William D. Toth, who retired in 2015 after a 47-year-career at Northrop Grumman Corporation—lastly as Director of Space Systems Payloads, responsible for all Space-Based Infrared System Sensors—died on Friday, May 18. He was 72. The cause was prostate cancer.
Known as Will to his family, Billy to his mother, Bill to his colleagues and Willy to many of his childhood and college friends, he was born December 10 to Ilse Katzenstein Toth, who retired at 85 from her third job, and Frank Toth, a technician at Brookhaven National Lab, volunteer firefighter and EMT on Long Island. Will was raised in Patchogue, NY and graduated from Patchogue High School and Union College in Schenectady, NY. His sister, Barbara Toth, lives in Asheville, NC. He also has a niece, Jess Boudreau, and a nephew, Alex Boudreau.
“Will brought a joy and intensity to everything he did,” said Mary Toth, his wife of 45 years. “He once took over our microwave for days to test some ceramic for an early work project.” A lifelong sports fan—particularly the Baltimore Orioles—Will was a standout student-athlete and played and followed golf throughout his life.

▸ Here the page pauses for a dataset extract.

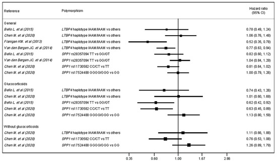 Regarding the glucocorticoid subgroup, the LTBP4 haplotype IAAM was not associated with HR compared with other haplotypes [20,21]. A comparison of the SPP1 rs28357094 TT genotype with the GG/GT genotypes revealed an HR = 0.62 (95% CI = 0.42–0.92) [20]. Finally, regarding SPP1 rs11730582 and rs17524488, only rs11730582 genotype C showed a protective association, with an HR = 0.63 (95% CI: 0.45, 0.89) [21].

In 1965, Will made the game-winning catch to clinch the NCAA College Division Atlantic Coast Regional Championship at Yankee Stadium. Gary Brown, who pitched that long-ago game, recalled the victory, “The 3-1 win over Old Dominion created a memory for all of us that has never faded….” Centerfielder Greg (Swede) Olsen added “‘The Catch’ is only one of the many things I remember about Bill....He was a GREAT teammate….during the highs and lows of the season, we could trust him to be supportive and encouraging. This helped our team to be resilient and optimistic….He would do all the little things to help our team win. Bill was not a "rah-rah" kind of guy, he led by example. No one worked harder than Bill. His work ethic and attitude rubbed off on his teammates. You could always depend on Bill to do his job.”
In 2015, the 1965 baseball team was inducted into the Union College Sports Hall of Fame.
And that personal drive did not change. Bill began his career with Northrop Grumman as an engineer in 1970. His technical knowledge and leadership skills led him to success, first within engineering, then within Program Management at the Oceanic Division in Annapolis and later in Space Systems. One of his great moments was meeting the late John Glenn, who was attending an event as an astronaut, not as a senator, complete with his gold astronaut’s medal, and John Grunsfeld, a veteran of five space shuttle flights and a NASA chief scientist. Grunsfeld’s wife talked of their children imploring their dad at dinner one night that ”it was okay to go to the moon, but please do not go to Mars.”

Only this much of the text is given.